Clearly, farms participating in WWOOF vary in their character and labor, which will affect a WWOOFer’s experience and the things they learn.

“I would suggest always having some sort of back-up plan,” Gershon said. “Sometimes you quickly realize that you aren't exactly fitted to your host or the weather or the type of work. Be sure to have another plan in the back of your head about where you might go or what you might do if it doesn't work out. I prefer going from one place to another initially, for maybe a week each. Then, if you like one place a lot, you can probably come back to it for longer.”

Additionally, when traveling to an out-of-country farm, WWOOFers need to acquire the right visas and insurance, depending on the length of time spent working. WWOOF itself does not offer any insurance, and some farms do require WWOOFers to be insured.

For those interested in travel and non-farm work experiences, there are other networks that provide similar frameworks to that of WWOOF. Workaway.info, another low-cost membership program, has page after page of jaw-dropping opportunities: a sustainable agricultural development program in Nepal; a bed-and-breakfast on the beach in Andalucia; a center for Polar and Arctic exploration in the Laplands of Finland owned by a South-Pole trekker who needs help training huskies and turning their feces into a form of fuel.

Similarly, Help Exchange lists a smorgasbord of international offerings, though fewer than WWOOF or Workaway.info.
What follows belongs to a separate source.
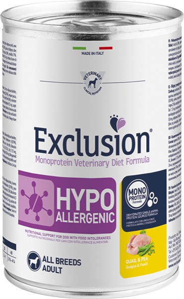 Exclusion Monoprotein Veterinary Diet Formula Hypoallergenic è un alimento dietetico con formulazione monoproteica, realizzato con un’unica fonte alternativa di proteine animali, ingredienti innovativi e preservato con tocoferoli naturali; rappresenta la risposta nutrizionale a disposizione del Veterinario, differenziata per taglia, come supporto nutrizionale per cani con intolleranze alimentari.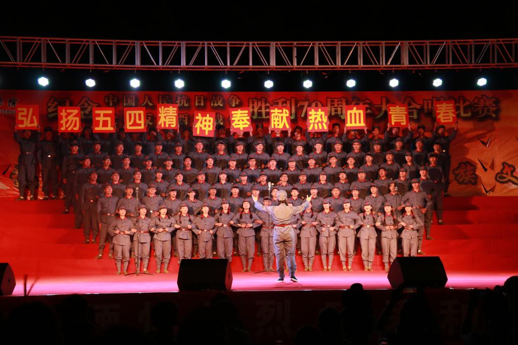 铭记历史教训,传承民族文化。5月5日晚,我校“五四”表彰大会暨“纪念中国人民抗日战争暨世界反法西斯战争胜利70周年”大合唱比赛在西区文化广场隆重举行。校党委副书记陈贞忠,党委副书记、工会主席阎宏斌,副校长吴中、刘翔、陈业宏及相关部门和院系领导出席表彰大会并观看比赛。表彰大会由学工部部长、学生处处长、团委书记欧阳豫樊主持。

Both of these networks cost less than $20 a year to join and each grants access to all international listings, as opposed to WWOOF’s country-by-country system.

“I personally chose to go WWOOF because it seemed a fair trade – I work for the person and in exchange I have a place to stay, some food and the opportunity to see a place I've never been. Also, it gave me a chance to interact with people who were actually living in the area instead of being in a hotel with tourists. I could avoid a lot of the whole commercial/capitalist thing that often accompanies travel. To me, it seemed that I [got] a real view of what it was to live in the place I was going: I was interacting with farmers and farm workers, living in the same space and in much the same style as they were,” reflected Gershon. On the idea of volunteering for the sake of charity she said, “I think the main thing is the mood of any of these things – if you go into the experience thinking that you are there to ‘do good,’ expecting all this gratitude for your temporary saintliness, then that can be really condescending. If you go into it seeing it as a trade where you are getting as much as you are putting in, then it's a different experience.”